The mitogenome does not possess stretches of homopolymers like the ones observed in O. dioica. There is also no evidence of mitochondrial introns. Thus, we could translate its open reading frames (ORFs) with no interruptions. We found a total of 9 protein coding genes, two pseudogenes (fragments of cox3) and 2 tRNA genes, all on the same strand (Table S1), but could not annotate ribosomal RNA genes, although the length of the remaining unannotated regions suggest that they may be present. We were only able to detect tRNA genes for Leucine and Valine.

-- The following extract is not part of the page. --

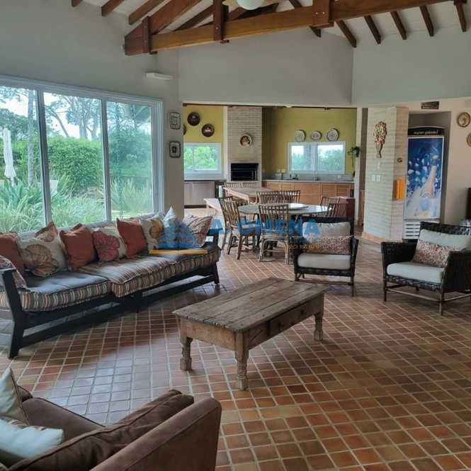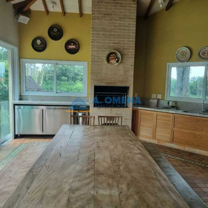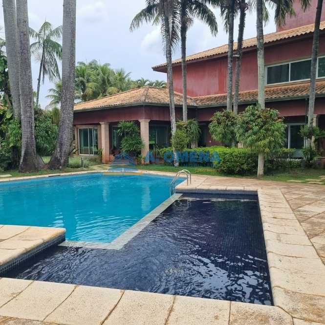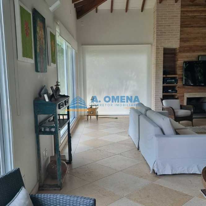 Magnífica casa em condomínio de altíssimo padrão, com 8 suítes, sendo o pavimento superior exclusivo para a suíte master, rica em armários planejados, roupeiro, ar condicionado, amplo living, lavabo, cozinha planejada, despensa, lavanderia, salão de jogos, espaço gourmet com churrasqueira, fogão à lenha e forno de pizza com 2 banheiros. Deslumbrante paisagismo, piscina com prainha, vestiário, playground, casa de bonecas, aquecimento solar, dependência para empregados, garagem coberta para 4 carros e demais vagas descobertas.

Eight out of the nine protein-coding genes match known mitochondrial proteins without ambiguity. Previous work on other species suggests that synteny is usually not conserved in tunicates.20 Indeed, we found that the gene order bears no resemblance to the one of O. dioica5,6 nor to the one of O. longicauda21 (scaffold SCLD01101138.1) nor to one in the stolidobranch ascidians Herdmania momus and Halocynthia roretzi.
We also found an ORF with homology to the putative NADH dehydrogenase 2 (nad2) reported by Klirs et al.,6 and we also found matches in other appendicularian species, confirming its presence across Oikopleuridae (Fig. S2). Searches using BLASTp on the non-redundant protein sequences database did not yield hits, and a tBLASTx search on whole-genome shotgun contigs database of tunicates (taxid:7712) matched a predicted Oikopleura longicauda mitochondrial contig (SCLD01139119.1) which is different from the one we used for the phylogenetic analysis and misses four of the eight expected mitochondrial proteins. The predicted structure of the putative nad2 using colabfold17 consists of alpha helices (Fig. S3), similar to reported nad2 protein from human (PDB IDs: 5XTC chain Q). This observation might have been caused by tunicates having fast evolving mitochondria,20 and the coverage gap in the database that currently is available.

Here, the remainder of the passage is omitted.